Fliss shook her head. “Solving that problem is way beyond my pay grade.” She picked up a plant and Harriet shot off the sofa and took it from her hands.

“Don’t take your stress out on my plants. They’ve taken enough punishment lately.” She placed it carefully back on the windowsill, positioning it so that it had exactly the right amount of light. Then she turned back to her brother. “If you’re right, and she is in love with you, then that’s good, isn’t it?”

“No. It isn’t good. Falling in love is the thing she is most scared of. For some people it’s heights, for others it’s the dark—”

“For me it’s ex-husbands who show up in my town,” Fliss said darkly but for once Daniel couldn’t focus on anyone’s problem but his own.

“Maybe it would be easier to handle if she didn’t love me. I could have accepted that.”

“Are you sure? Because accepting things isn’t really in your nature. Generally you try and change things you don’t like.”

“That’s true, but I wouldn’t have tried to change this. I would have respected her decision.”

Harriet frowned. “You still have to respect her decision, Daniel.”

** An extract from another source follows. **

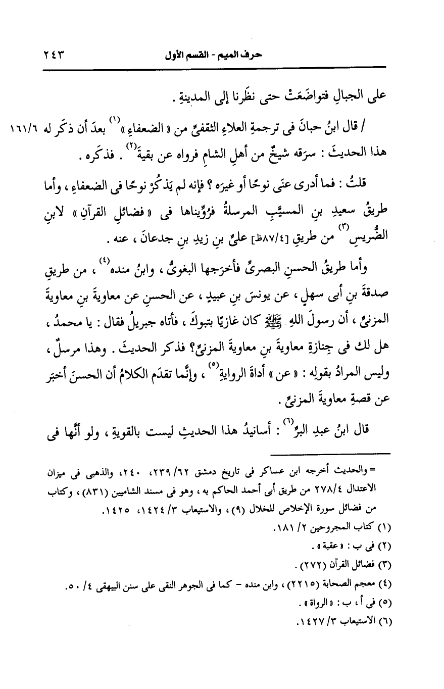 وأما طريق سعيد بن المسيب المرسلة فرويناها في فضائل القرآن لابن الضريس من طريق على بن زيد بن جدعان عنه وأما طريق الحسن البصري فأَخرجها البغوي، وابن مَنْدَه من طريق صدقة بن أبي سهل، عَن يونس بن عبيد، عَن الحسن، عَن معاوية بن معاوية المزني أن رسول الله صَلى الله عَلَيه وسَلم كان غازيا بتبوك فأتاه جبريل فقال يا محمد هل لك في جنازة معاوية بن معاوية المزني فذكر الحديث وهذا مرسل وليس المراد بقوله، عَن أداة الرواية وإنما تقدم الكلام أن الحسن أخبر، عَن قصة معاوية المزني.

“I know, but it’s the wrong decision, made for the wrong reasons. That’s what makes it all so difficult to handle.”

And he wasn’t handling it. Right now, he wasn’t handling it at all. He didn’t need to see the way his sisters were looking at him to know that.

“I never thought I’d fall in love. I never thought I’d feel this way, but now I do and not being able to act on those feelings is—” he ran his hand over his jaw “—hard.”

“I still think you need to give her space,” Harriet said.

“I agree. Stay away from her,” Fliss said. “Maybe she’ll miss you or something. Maybe she’ll call. Not that she has any chance of reaching you, because you’re always on the phone.”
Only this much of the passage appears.